Ketahanan obyek vital nasional hanya bisa dibangun dengan tata kelola risiko secara benar. SMKU adalah salah satu tata kelola risiko yang wajib diterapkan oleh organisasi yang ingin menyelamatkan pencapaian sasarannya, terlebih kelangsungan obyek vital nasional.

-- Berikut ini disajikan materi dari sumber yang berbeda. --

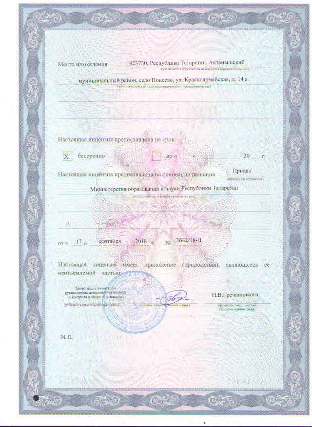 | Адрес: | 423730, Республика Татарстан, Актанышский район, село Поисево, ул. Красноармейская, д. 14а |
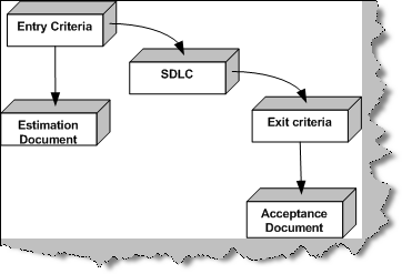 Above is a more global view of the how the start and end of SDLC. Any project should have entry criteria and exit criteria. For instance a proper estimation document can be an entry criteria condition. That means if you do not have a proper estimation document in place the project will not start. It can be more practical, if half payment is not received the project will not start. So there can be list of points which needs to be completed before a project starts. Finally there should be end of the project also which defines saying that this is when the project will end. For instance if all the test scenarios given by the end customer is completed that means the project is finished. In the above figure we have the entry criteria as an estimation document and exit criteria as a signed document by the end client saying the software is delivered.
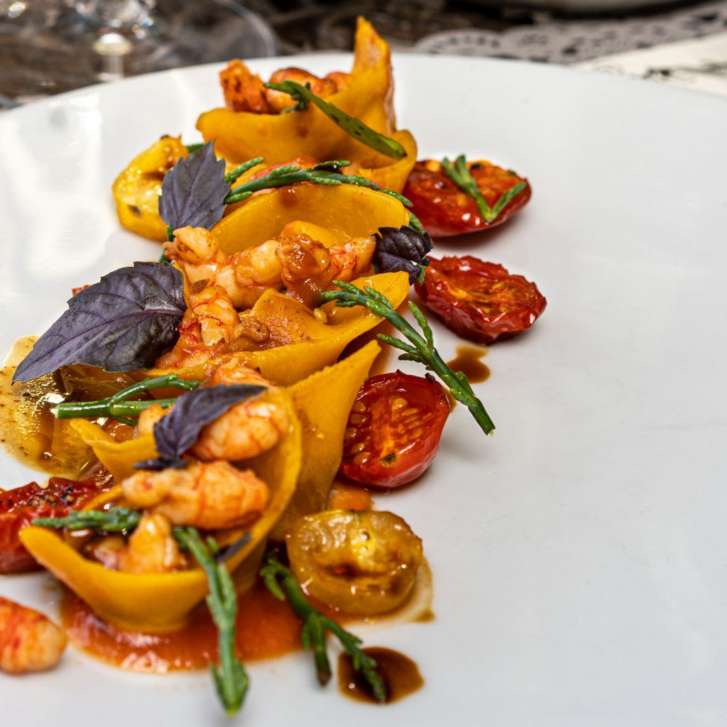 Si parte dagli ‘Assaggi dello Chef’ (3, 6 o 9 piatti a 20, 35 o 50 euro) per affidarsi alle scelte di Fabio Sardella, per poi proseguire con ‘Scegli Tu’, che offre la possibilità di scegliere ogni singolo piatto a 7 euro, e giungere quindi ad ‘Assaggio piglia tutto’, un vero e proprio ‘all in’ per provare tutte le 16 proposte gastronomiche (80 euro), una formula interessante anche da condividere con gli amici. Un menu senza tipologie di portata, un format libero per rendere informale la cucina formale e che dà spazio ad una filosofia gastronomica all’insegna della ricerca e del divertimento. Un nuovo menu che rompe col cliché del ‘percorso classico’ e che sarà disponibile fuori dallo schema degli orari per donare ai clienti un’esperienza originale. Tra le 16 proposte ci sono già dei must come il già apprezzato ‘Guancia, gambero rosso e lattuga’ ma anche ‘Ossobuco, zafferano e bietola’, ‘Pastrami, teriyaki e patate’ mentre tra i dessert spicca ‘Mascarpone, cannella e nocciole’ e la ‘Cheesecake coi frutti rossi’. Gli assaggi possono essere abbinati a vini internazionali o a un cocktail, o un Gin scelta dalla Drink list del locale firmata dal bartender Mattia Ceremigna.

Secara keseluruhan, membangun ketahanan obyek vital nasional adalah langkah strategis untuk menjaga kelangsungan, keamanan, dan kedaulatan suatu negara. Upaya ini perlu melibatkan kerjasama antara pemerintah, sektor swasta, dan masyarakat secara menyeluruh dan terintegrasi, guna mengidentifikasi obyek vital, meningkatkan ketangguhan infrastruktur, dan menerapkan langkah-langkah preventif yang diperlukan untuk melindungi aset dan kepentingan nasional. Dengan demikian, negara dapat lebih siap menghadapi tantangan masa depan dan mencapai kesejahteraan bagi seluruh rakyatnya.